Stock - Arabtec
It is now officially the end game for Arabtec as the UAE court appoints trustees for each of the subsidiary companies facing liquidation. Image Credit: Clint Egbert/Gulf News

Dubai: A UAE court has appointed trustees for each of the Arabtec Group companies facing liquidation, and who will now review the accumulated debts and a record of all creditors. The Court has also mandated that all procedures stipulated under the Bankruptcy Law must be done within 35 days from the date of the trustee appointment notification.

Initial reports by the trustees need to be handed in within two weeks. This decision sets the stage for the liquidation of the UAE’s biggest construction company – and will also be the benchmark for future proceedings under the country’s newly revised Bankruptcy Law.

Stay on Arabtec asset sales
In its new order, the UAE Court has stay all "judicial procedures and execution procedures" on the companies' assets until a restructuring plan is approved. Or for 10 months from the date of the decision to open the
bankruptcy proceedings.

Each trustee overseeing an Arabtec Group entity facing liquidation shall submit a request to the court on the contractual and legal interests.
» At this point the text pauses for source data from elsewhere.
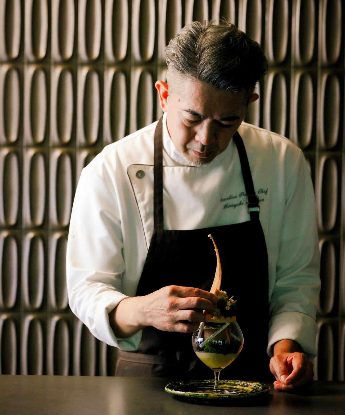 関西のラグジュアリーホテルにて、約40年近い経験に培われた技術と溢れる感性で、独創的なスイーツを数々開発。菓子職人として、ディスプレイづくりもこなし、デコレーションや細工菓子のコンテストにて大阪府知事賞や最優秀賞などの受賞歴を持つ。開業直後から好評の季節の移ろいを反映した、和菓子に愛らしい洋菓子のアフタヌーンティーは、目にも楽しく、口福なひとときを届ける。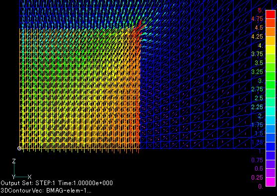If you look closely at the magnetic field distribution, you can see that the magnetic field is disturbed near the central axis. For example, in Fig. 2, the magnetic field strength oscillates in the radial direction. Fig.4 and Fig.5 show the magnetic field strength distribution. In particular, when the plot is based on nodal data, the strength is higher at a greater distance from the axis. Of course, this is a numerical error, but it is not caused by the pyramid element. The same can be seen with the quadrangle element. Such errors have been known for a long time. This is due to the fact that linear edge elements of warped triangular prisms and hexahedrons cannot represent a uniform magnetic field. In particular, when the magnetic field is obtained by interpolating the shape function, the accuracy of the magnetic field drops at the edges of the element. This is why the result shown in Fig. 5 is obtained. At the center of the element, the accuracy is relatively good and the distribution is quite reasonable when using the element data in Fig. 4. To solve this problem near the center axis, it may be necessary to change the element shape function. For axisymmetric elements, it seems possible to make improvements, which we will consider in the future.
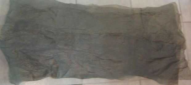 Este es un bolso hecho de una bolsa de alimento de animal doméstico forrada con algodón blanco y viejo manijas hoja y cinta. Los mejores a utilizar están hechos de una fibra de plástico. También se puede utilizar un tipo de papel que plancha una plan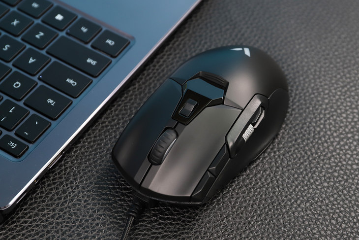 雷柏V330外观设计有着明显的电竞风,丰富硬朗的线条,辨识度高。鼠标尺寸为125×68.5×40mm,在主流鼠标中,尺寸算是比较大的,适合中大手型的朋友,如果平常习惯趴握使用,体验会更好。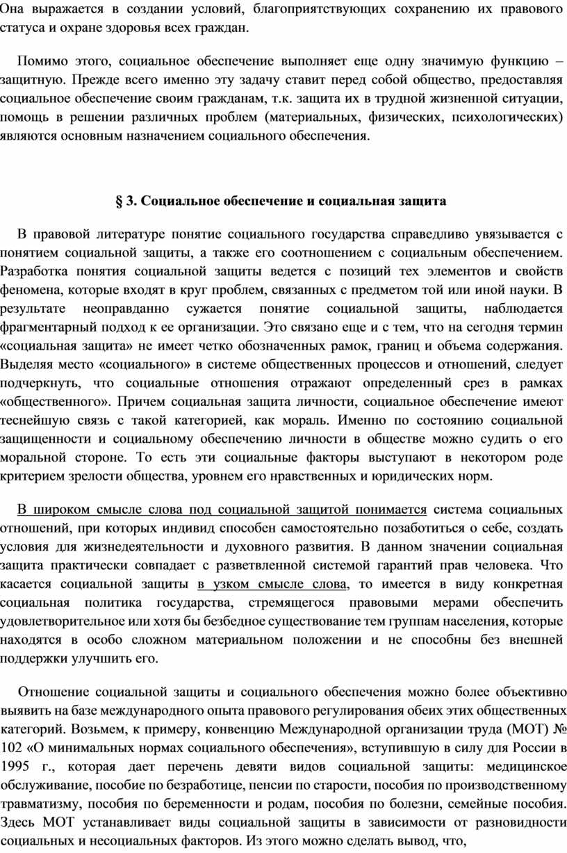 Отношение социальной защиты и социального обеспечения можно более объективно выявить на базе международного опыта правового регулирования обеих этих общественных категорий. Возьмем, к примеру, конвенцию Международной организации труда (МОТ) № 102 «О минимальных нормах социального обеспечения», вступившую в силу для России в 1995 г., которая дает перечень девяти видов социальной защиты: медицинское обслуживание, пособие по безработице, пенсии по старости, пособия по производственному травматизму, пособия по беременности и родам, пособия по болезни, семейные пособия. Здесь МОТ устанавливает виды социальной защиты в зависимости от разновидности социальных и несоциальных факторов. Из этого можно сделать вывод, что, во-первых, социальная защита и социальное обеспечение – все же различные категории и, во-вторых, социальная защита может иметь своим объектом и общественные отношения, не связанные с социальным обеспечением. Конечно, Конвенция не охватывает все социальные и иные проблемы, требующие социальной защиты граждан, однако она рассчитана на государства, находящиеся на этапе позитивного социального развития. Россия же пока к таким странам не относится. Нашей стране сегодня необходима более широкая и эффективная система органов социальной защиты.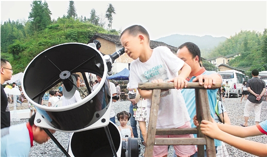杭州天文学会成员董庄勇一边架设专业天文望远镜,一边指着云散后的蓝天说:“这里夜空观星效果绝对好,当黑夜来临,人们可以看到在城市里所看不到的数百颗星体组成的夜空图,还能捕捉到划过天际的流星。”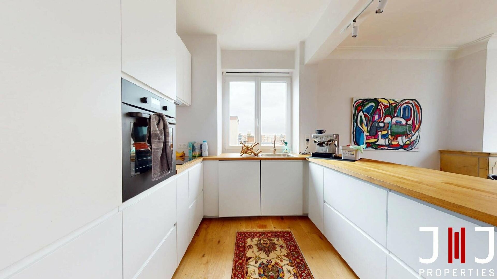 Etterbeek – Wijk Pétillon – Ideaal gelegen appartement Perfect gelegen in de onmiddellijke nabijheid van talrijke vervoersmiddelen, winkels, belangrijke verkeersaders en de EU-instellingen, biedt J&J Properties u dit aangename appartement aan met optimaal comfort. Dit volledig gerenoveerde appartement, gelegen op de 5e verdieping met lift en met een oppervlakte van 85 m² (volgens EPC), is als volgt ingedeeld: een uitnodigende inkomhal, een lichte woonkamer met eetruimte, een volledig ingerichte keuken, twee comfortabele slaapkamers, een moderne badkamer, een wasruimte en een apart toilet. Het appartement beschikt ook over een aangenaam terras – ideaal om van zonnige dagen te genieten. Technische informatie: Het EPC-certificaat werd opgesteld vóór de vervanging van de ramen; sinds de renovaties wordt de energieprestatie geschat op niveau E. Elektriciteit conform, gasverwarming, PVC-ramen met dubbele beglazing (2025). Kosten: €250 per maand, inclusief gemeenschappelijke kosten en verwarming.Een garage is optioneel beschikbaar voor €150, evenals een kelder. De ideale ligging, de lichtinval en het wooncomfort maken van dit appartement een must-see! REF J&J: 7201992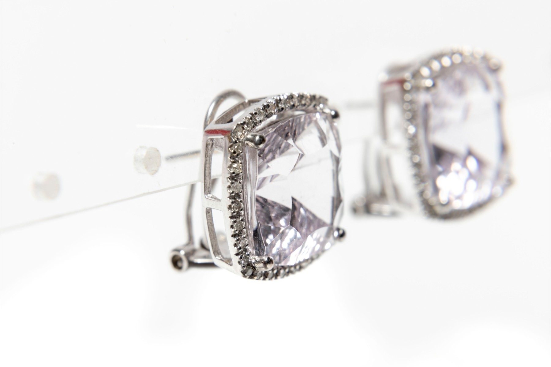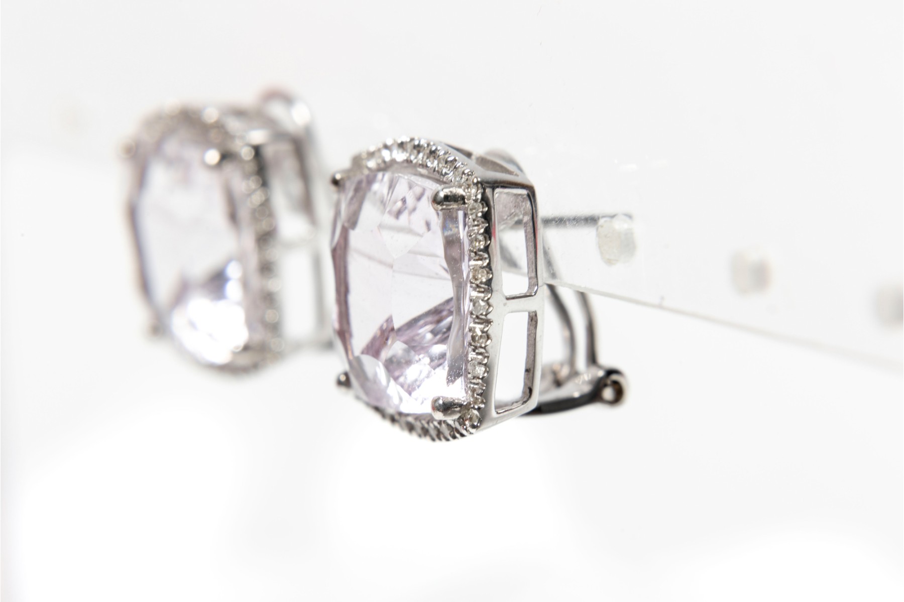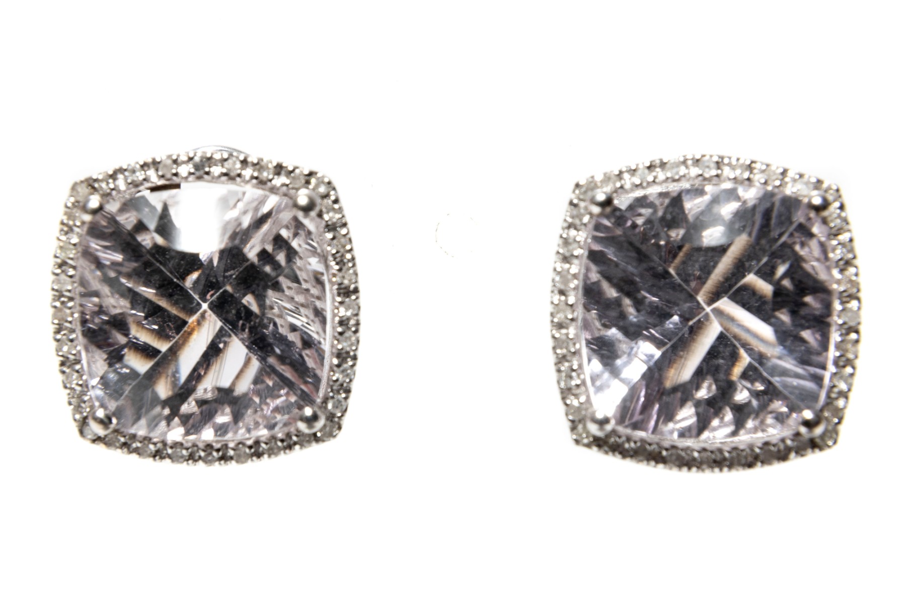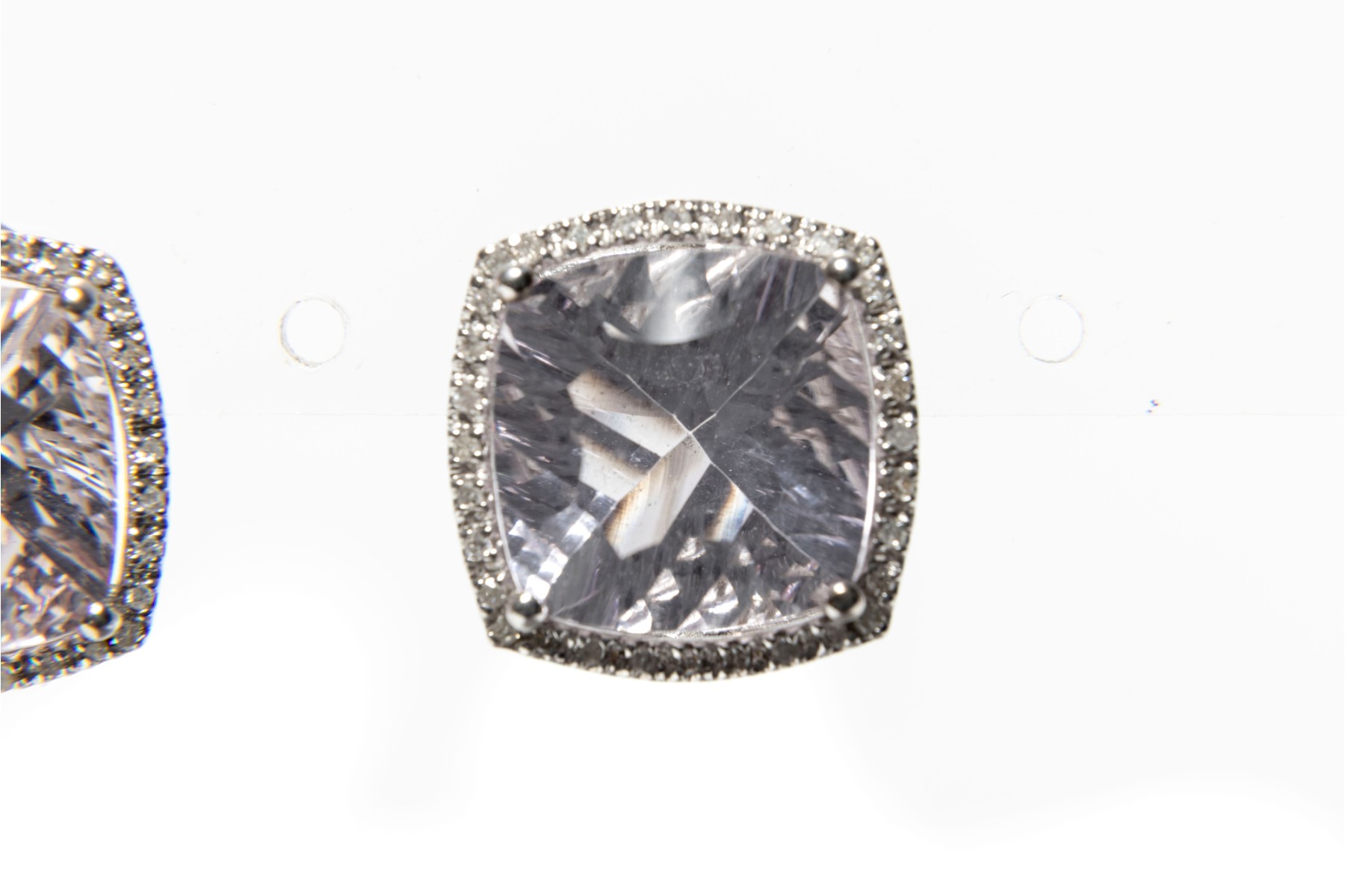 A pair of excellent white gold stud earrings displaying cushion fantasy cut amethysts in delicate, pale purple, surrounded by dainty diamond halos. The amethysts are approximately 11.94 TCW and the diamonds are approximately 11.94 TCW.

The Dubai Court of First Instance also instructed each trustee to prepare an "initial separate report" on the assets of each entity and its rights with third-parties. They must also list all managers and members of the board of directors and shareholders for the two years preceding the bankruptcy application.

The trustees must also submit their opinion on the management and the preservation of the company’s assets. It was on June 16 that the court in Dubai accepted the petition to open bankruptcy proceedings for Arabtec Holding and these subsidiaries:

1. Arabtec Construction llc

2. Austrian Arabian Readymix Concrete Co.

3. Arabtec Precast

4. Arabtec Constructions llc

5. Emirates Falcon Electromechanical Co.; and another entity under the same title

6. Emirates Falcon Electromechanical Co. 

Leading to the liquidation
It was last year that Arabtec's board of directors and a majority of shareholders decided to wind down operations after successive years of heavy losses.